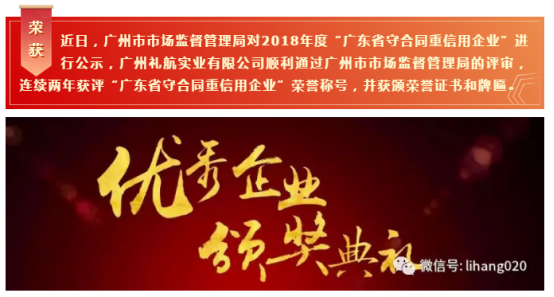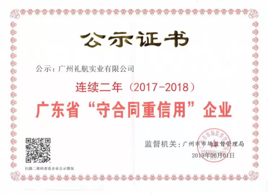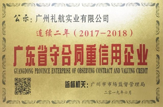 恭喜礼航连续两年荣获“广东省守合同重信用企业”
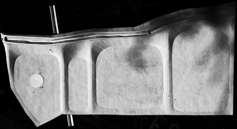 Diese drei Wege sind nicht „das Ziel“ sondern der Beginn: Nämlich die Basis für ein topografisches Skelett, ein räumlich wirksames „Gerüst“ welches durch Erdschüttung einfach und schnell zu bauen ist. Das Material stammt unmittelbar vom Ort und fällt dadurch an, weil die Flächen der Parkzone leicht ausplaniert werden. Die Terrains der Reservezone und anfänglich der Wohnzone werden hierfür nicht tangiert und bleiben bestehen.
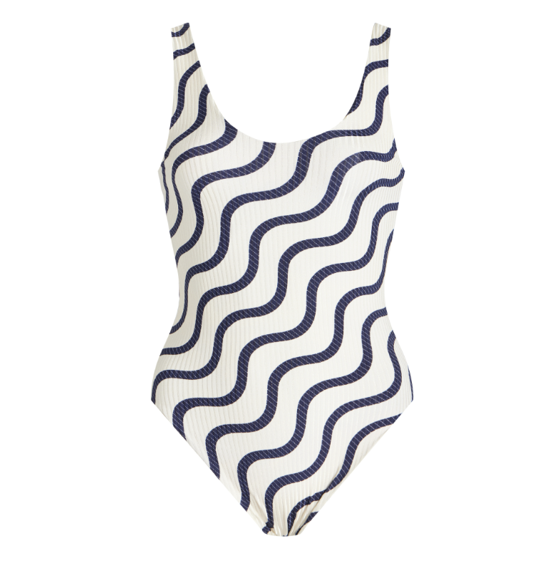 A classic one piece silhouette gets a modern update with an eye-catching wavy print on this chic swimsuit, perfect with shades and sandals by the beach or pool.
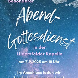 Wir laden Sie herzlich zu einem besonderen Abendgottesdienst am 07.09.2025 um 18 Uhr in der Lüdersfelder Kapelle ein.

**TASK ITEM**
Once the pictures are dropped, repeat the data above exactly.

**RESPONSE BOX**
 恭喜礼航连续两年荣获“广东省守合同重信用企业”
 Diese drei Wege sind nicht „das Ziel“ sondern der Beginn: Nämlich die Basis für ein topografisches Skelett, ein räumlich wirksames „Gerüst“ welches durch Erdschüttung einfach und schnell zu bauen ist. Das Material stammt unmittelbar vom Ort und fällt dadurch an, weil die Flächen der Parkzone leicht ausplaniert werden. Die Terrains der Reservezone und anfänglich der Wohnzone werden hierfür nicht tangiert und bleiben bestehen.
 A classic one piece silhouette gets a modern update with an eye-catching wavy print on this chic swimsuit, perfect with shades and sandals by the beach or pool.
 Wir laden Sie herzlich zu einem besonderen Abendgottesdienst am 07.09.2025 um 18 Uhr in der Lüdersfelder Kapelle ein.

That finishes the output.